*** Opening Dataset excerpt ***

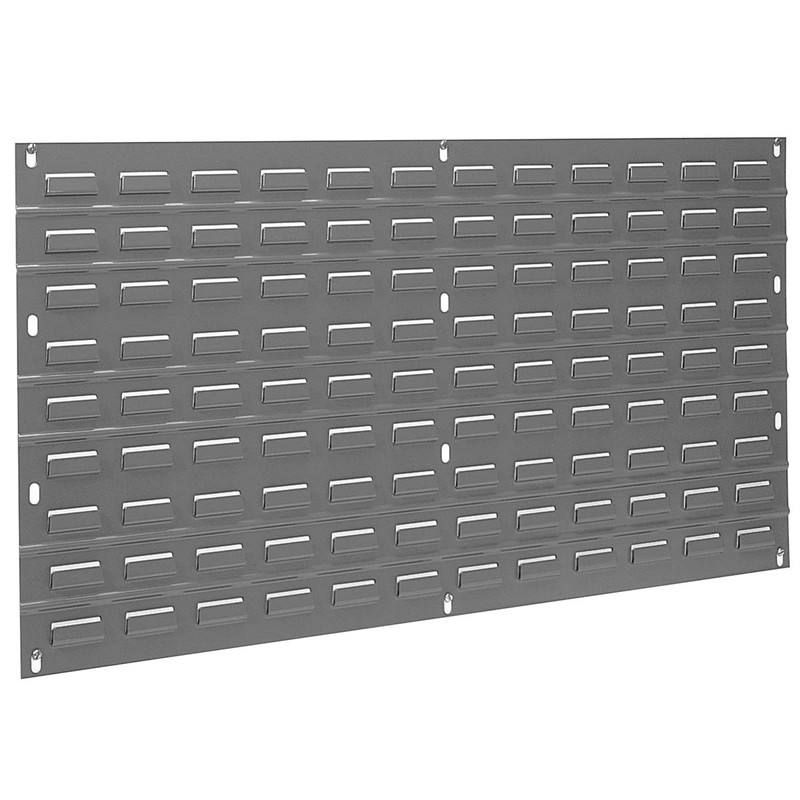 - 16-gauge cold rolled steel Akro-Mils wall panel measures 35-3/4-Inch W x 19-Inch H with 160 lb weight capacity. Powder coated grey finish.
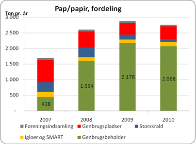Mængden af papir er steget markant (64 %) i perioden fra 2007 til 2009, hvilket først og fremmest skyldes indførelsen af den 2-delte genbrugsbeholder som blev indført i 2008. Der er desuden konstateret et fald i mængderne fra 2009 til 2010, som ikke umiddelbart kan forklares.
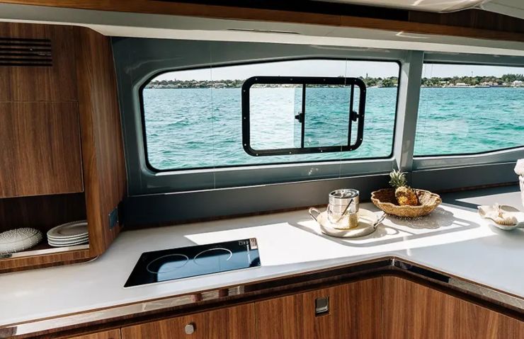 Il baglio di 5,46 m è portato molto in avanti, generando un’area di prua protetta e fruibile anche in navigazione, con sedute lounge e passaggio diretto centro-prua dal salone. Il main deck si gioca su un piano unico, con galley completa a sinistra (induzione, refrigerazione sottobanco, storage) comunicante col pozzetto tramite finestra basculante; a dritta grande dinette con tavolo hi-lo a scomparsa che, a filo pagliolato, libera area per eventi o si trasforma in cuccetta supplementare. La cabina armatore (scafo dritto) è impostata trasversalmente per sfruttare le altezze (≈2,07 m in ingresso), con ampie finestrature e bagno en-suite separato; ospiti nello scafo sinistro, anch’esso con servizio privato e doccia.

*** Closing Dataset excerpt ***

Would you repeat the material exactly, keeping out any pictures?

 - 16-gauge cold rolled steel Akro-Mils wall panel measures 35-3/4-Inch W x 19-Inch H with 160 lb weight capacity. Powder coated grey finish.
Mængden af papir er steget markant (64 %) i perioden fra 2007 til 2009, hvilket først og fremmest skyldes indførelsen af den 2-delte genbrugsbeholder som blev indført i 2008. Der er desuden konstateret et fald i mængderne fra 2009 til 2010, som ikke umiddelbart kan forklares.
 Il baglio di 5,46 m è portato molto in avanti, generando un’area di prua protetta e fruibile anche in navigazione, con sedute lounge e passaggio diretto centro-prua dal salone. Il main deck si gioca su un piano unico, con galley completa a sinistra (induzione, refrigerazione sottobanco, storage) comunicante col pozzetto tramite finestra basculante; a dritta grande dinette con tavolo hi-lo a scomparsa che, a filo pagliolato, libera area per eventi o si trasforma in cuccetta supplementare. La cabina armatore (scafo dritto) è impostata trasversalmente per sfruttare le altezze (≈2,07 m in ingresso), con ampie finestrature e bagno en-suite separato; ospiti nello scafo sinistro, anch’esso con servizio privato e doccia.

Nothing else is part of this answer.